Vivo junto a una estación de metro fantasma, desterrada hace tiempo del paraíso de lo real, el sueño deficitario de un Gobierno efímero que, al igual que la estación, tampoco llegó a ser nunca y que fue sustituido por otro, o quizá por él mismo, el mismo que lleva años aturdiéndonos y aletargándonos para luego amputarnos sin que nos rebelemos. La estación espera en silencio a algún viajero apresurado que la devuelva el sentido que perdió cuando el barco empezó a escorar y los bocetos del proyecto se deslizaron pendiente abajo por la mesa de caoba de algún despacho oficial.
La estación forma parte de una línea fragmentada de metro que durmió el sueño democratizador y despertó convertida en unos puntos suspensivos en un plano de metro. Los túneles, vacíos y oscuros, que conectan como cadenas a estos fantasmas han empezado a quejarse por las noches. Cada pequeña grieta, un desencuentro; cada gotera, una batalla perdida; cada desconchado, un desdén.

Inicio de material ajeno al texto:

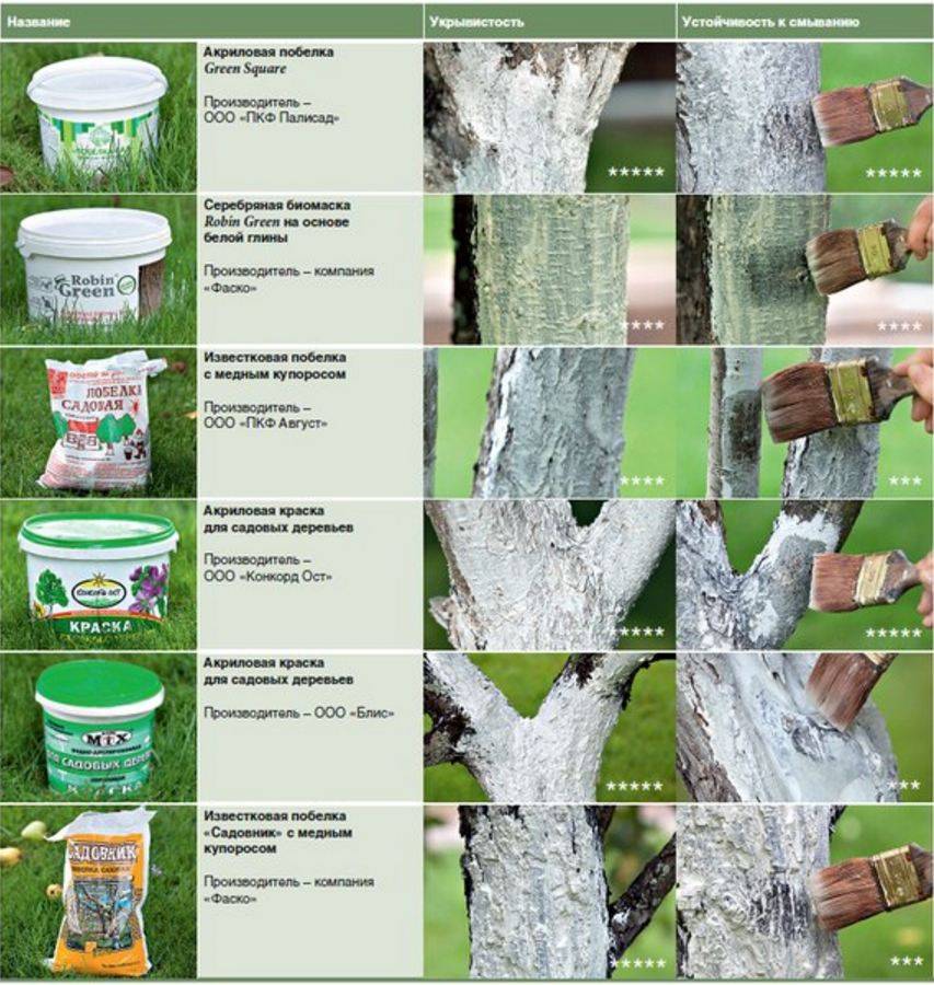 Современная промышленность предлагает широкий спектр побелок для деревьев. Но можно их также готовить и своими руками. При этом в используемый при окрашивании состав должны входить следующие компоненты:
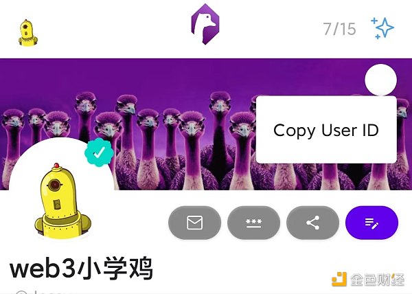 点击个人头像进入个人主页后,在自己的头像后面,并排着四个按钮,第一个信封按钮是发私信的按钮,可以自己给自己发私信。第二个按钮是私钥地址,点击后就自动复制了自己的私钥,第三个按钮是公钥按钮,也是点击后会自动复制,而主页右上方的白色按钮,也是公钥复制按钮,点击后会弹出“copy User ID "字样。

Porque ese es el sentimiento: el de olvido de esta gran estación equipada con la última tecnología en infraestructuras, materiales seguramente ecológicos, sistemas de refrigeración sostenibles y un diseño que buscaba integrarse en el entorno, no molestar. Hoy, su entorno es un descampado de una gran manzana de superficie, tierra y guijarros secos donde languidece, expuesta a la intemperie, la maquinaria sucia y ya con síntomas de oxidación, de la misma manera que languidece sin un lugar adonde ir el proyecto de un estado del bienestar, también democratizador, en una tierra árida y sin destino. En esta tierra han empezado a brotar aquí y allá pequeños matorrales, malas hierbas antisistema. Quizá no esté todo perdido y, a falta de adoquines y de cemento que la sepulten definitivamente, la naturaleza sigue a lo suyo.